And even though there were no autumn leaves anywhere to be found in "Autumn Leaves", this song and its lulling effect played (surprising enough) a somewhat significant part when it came to setting the pace and mood of this film's stormy plot-line.
Many years following this picture's 1956 release, Joan Crawford stated, in an interview, that of her later films, "Autumn Leaves" was, indeed, her #1 favourite.
I think that that was kind of a funny thing for Crawford to say, since, from my perspective, I clearly found her to be miscast in her role as Millie Wetherby, the longing, lonely, middle-aged typing-dynamo who finally finds her man (who's half her age) only to discover that an unbalanced mind lurks behind those twinkling, baby-blue eyes of his.

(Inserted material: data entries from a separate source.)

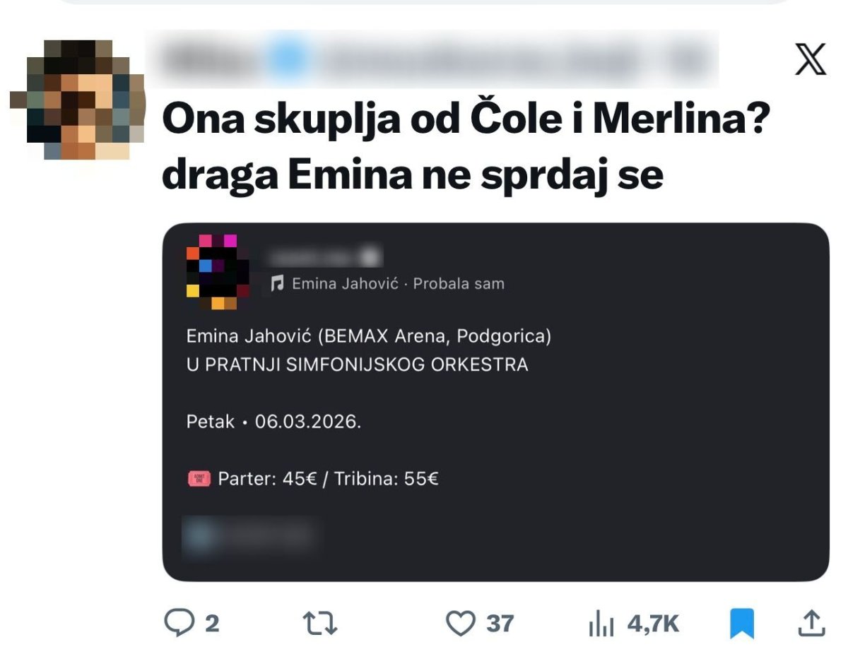 "Ona skuplja od Čole? Draga Emina ne sprdaj se. Opravdano je ako je neki hotel, restoran, klub, a koncert gde stojiš to je već previše", stoji u objavi ispod koje su cene karata za njen koncert.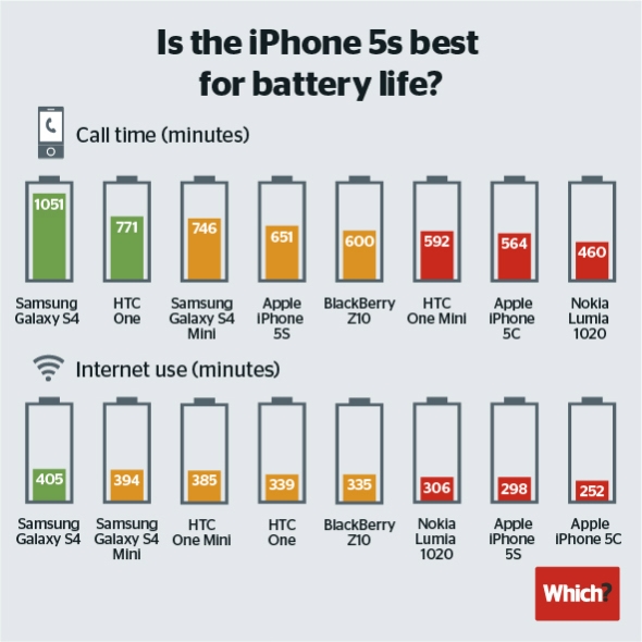 具體成績方面,通話測試中三星Galaxy S4電池可續(xù)航1051分鐘,雄居第一;HTC One電池續(xù)航771分鐘,位居第二;三星Galaxy S4 mini為746分鐘,位居第三;而位居第四的iPhone 5S電池續(xù)航僅為651分鐘,比三星S4足足短了7個小時;黑莓Z10和HTC One mini分別位居第五和第六;iPhone5C僅位列第七,電池續(xù)航564分鐘。
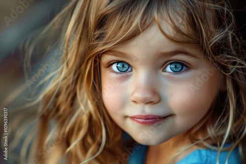 Close up portrait of a charming young girl with captivating blue eyes and beautiful blonde hair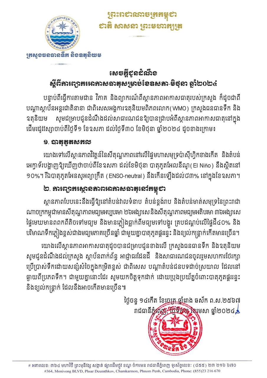 ក្រសួងបញ្ជាក់ថា បន្ទាប់ពីបានតាមដាន វិភាគ និងព្យាករពីស្ថានភាពអាកាសធាតុរបស់ក្រសួង ក៏ដូចជាពីបណ្តាស្ថាប័នអន្តរជាតិនានា ជាពិសេសអង្គការឧតុនិយមពិភពលោក(WMO) ឃើញថា ភាពវិវត្តន៍នៃសីតុណ្ហភាពនៅលើផ្ទៃមហាសមុទ្ទប៉ាស៊ីហ្វិកខាងកើត និងតំបន់អេក្វាទ័របង្ហាញឱ្យឃើញថា ចាប់ពីខែឧសភា ដល់ខែមិថុនា បាតុភូតអែលនីណូ (El Niño)នឹងស្ថិតនៅ១០ភាគរយ។ រីឯបាតុភូតអែនសូអព្យាក្រឹត (ENSO-neutral)នឹងកើនឡើងដល់៨៣ភាគរយនៅក្នុងខែឧសភា។ ហេតុនេះក្រសួងថា៖«តំបន់វាលទំនាប តំបន់ខ្ពង់រាប និងតំបន់មាត់សមុទ្ទនៃកម្ពុជា នឹងមានសីតុណ្ហភាពមធ្យមអប្បបរមា២៦អង្សាសេ និងសីតុណ្ហភាពមធ្យមអតិបរមា៣៦អង្សាសេ ផ្ទៃមេឃមានពពកពីតិចទៅមធ្យម និងមានភ្លៀងធ្លាក់ពីមធ្យមទៅបង្គួរ គ្របដណ្ដប់លើផ្ទៃដី៤០ភាគរយ[..]បាតុភូតផ្គររន្ទះ និងខ្យល់កន្ត្រាក់កើតមានច្រើន»។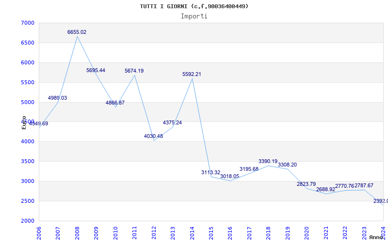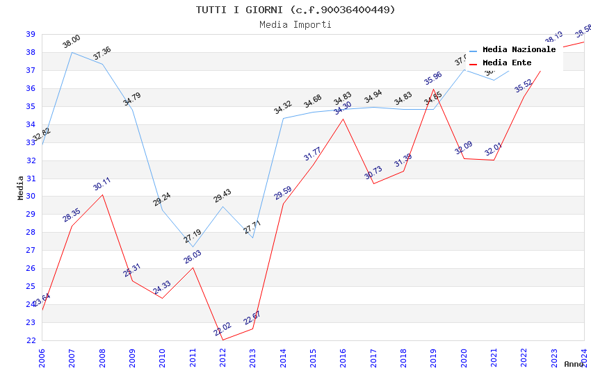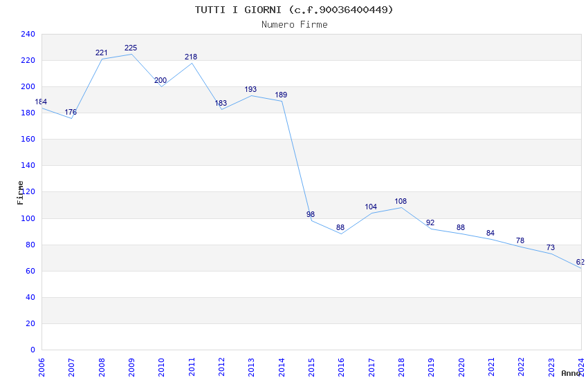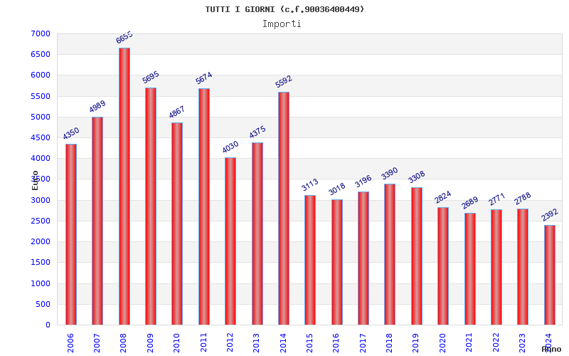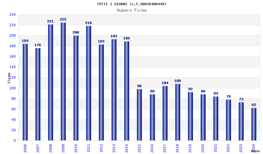 | Anno | Firme | Importi | Media | Naz. | Reg. | Prov. | Comu. |

From my point of view, even though "Autumn Leaves" had all the makings of being a fairly intriguing picture and its subject matter was certainly handled in a mature fashion, I found that a lot of the story (especially the ending) just didn't ring true.
Like I said earlier, Joan Crawford just wasn't well-suited for her role as a woman who would allow a man (regardless of how cute he was) to slap her around and brutalize her. And, then, after all was said and done, actually come crawling back for more. (Oh? Yeah!?)

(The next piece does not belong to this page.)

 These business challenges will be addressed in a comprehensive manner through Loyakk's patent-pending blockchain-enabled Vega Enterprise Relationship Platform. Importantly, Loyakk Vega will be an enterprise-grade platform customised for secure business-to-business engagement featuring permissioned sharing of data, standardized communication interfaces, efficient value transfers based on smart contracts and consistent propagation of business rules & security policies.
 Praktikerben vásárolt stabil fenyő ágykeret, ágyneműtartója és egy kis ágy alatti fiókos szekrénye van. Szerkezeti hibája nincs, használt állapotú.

Yes. "Autumn Leaves" was a decidedly flawed affair and its dead-serious dramatics contained some unintentionally humorous moments, but, all the same, I think that this 1950's Chick Flick was certainly well-worth a view just to see how mental illness was looked upon in the realm of Hollywood movies nearly 60 years ago.
Filmed in b&w, "Autumn Leaves" was directed by Robert Aldrich whose other notable films included - Kiss Me Deadly, Whatever Happened To Baby Jane and The Dirty Dozen.